This is mostly a log for myself of stuff I don’t do every day so I don’t have to Google it all the time.
This is just a start and I’m going to add to it over time.
Git from Scratch
Setup Git if running for the first time
Install Setup
git config --list
git config --global user.name "Mr. Bob"
git config --global user.email "admin@golinuxcloud.com"
git config --global core.editor nano
git config --global init.defaultBranch main
git config --list
cat .gitconfig
git config user.name
Getting Started
- Initialize a directory with Git and point it to a remote, empty (like Github) repo that I created.
This assumes that you are working on a workstation (or in shell environment) where you have already setup your git globals. It also assumes that the remote repo is empty. It might error abut not pulling first. If the remote is empty, try a git pull origin main
before the push.
If you’re using Git 2.28.0 or a later version, you can set the name of the default branch using -b.
git init -b main
# Adds the files in the local repository and stages them for commit.
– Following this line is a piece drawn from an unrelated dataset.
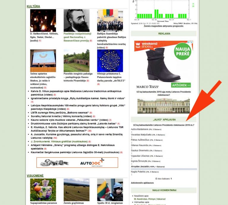 Nuo šių metų birželio 11 d. paskelbtoje Alkas.lt apklausoje „Už ką balsuotumėte 2019-ųjų metų Lietuvos Prezidento rinkimuose?“ vienvaldžiu nugalėtoju tapo filosofas, Sąjūdžio pradinikas Arvydas Juozaitis surinkęs 45% balsų, tai yra 667 balsus iš 1 488 balsavusiųjų šioje apklausoje. Antroje vietoje liko Žygimantas Pavilionis (20%, 292 Balsai), trečioje Vygaudas Ušackas (10%, 144 Balsai).

To unstage a file, use `git reset HEAD YOUR-FILE`.
git add .
git commit -m "First commit"
git remote add origin <remote repository URL>
git push -f origin main
or from Github itself, where the repo is called ‘fitness’
echo "# fitness" >> README.md
git init
git add README.md
git commit -m "first commit"
git branch -M main
git remote add origin https://github.com/johnzastrow/fitness.git
git push -u origin main
Cleaning After Making a Mess
I’m a bad person and I commit too often AND I commit a lot of blobs as I use Github as a sort of backup as well as an FTP server. The result is that my repos are HUUUGE and full of useless blobs. So, to shrink my repos I periodically have to trim the fat. Here is an approach I’m developing.
Where Are We Starting
Do this in Linux. Installing and running git-filter-repo
in Windows is still weird. So clean in linux, then force push to the origin, then pull down to your other sets of code. git-filter-repo
is a python program. But install it through apt on Ubuntu. Do not use git-filter-branch
people says it’s wonky and does odd things. I can confirm. Plus it’s a lot more work to use.
We’ll work with a repo called weather
now.
1. Install stuff
sudo apt install git-filter-repo git-sizer ncdu
2. Backup your data before playing in these dark arts
To create a backup, we simply make a complete copy of our repository. Open your command line, navigate to the directory containing your repository, and run:
git clone --mirror [your-repo-url] [backup-repo-name].git
Also do this to your current working repo to have second backup. Backup this way too by compressing your local repo.
tar -cvzf weather-May11.tgz weather
Save this remote_origins.txt
file because for some reason git-filter-repo deletes your remote origin value! Maybe for safety reasons so you don’t accidentally push when you don’t want to
git remote -v >> ../remote_origins.txt
# see also
git ls-remote --get-url origin >> ../remote_origins.txt
# or this for a lot of detail
git remote show origin >> ../remote_origins.txt
cat ../remote_origins.txt
Here are some examples
jcz@lamp:~/weather$ git remote -v origin git@github.com:johnzastrow/weather.git (fetch) origin git@github.com:johnzastrow/weather.git (push) jcz@lamp:~/weather$ git ls-remote --get-url origin git@github.com:johnzastrow/weather.git jcz@lamp:~/weather$ git remote show origin * remote origin Fetch URL: git@github.com:johnzastrow/weather.git Push URL: git@github.com:johnzastrow/weather.git HEAD branch: master Remote branches: baseline tracked master tracked Local branch configured for 'git pull': master merges with remote master Local ref configured for 'git push': master pushes to master (local out of date)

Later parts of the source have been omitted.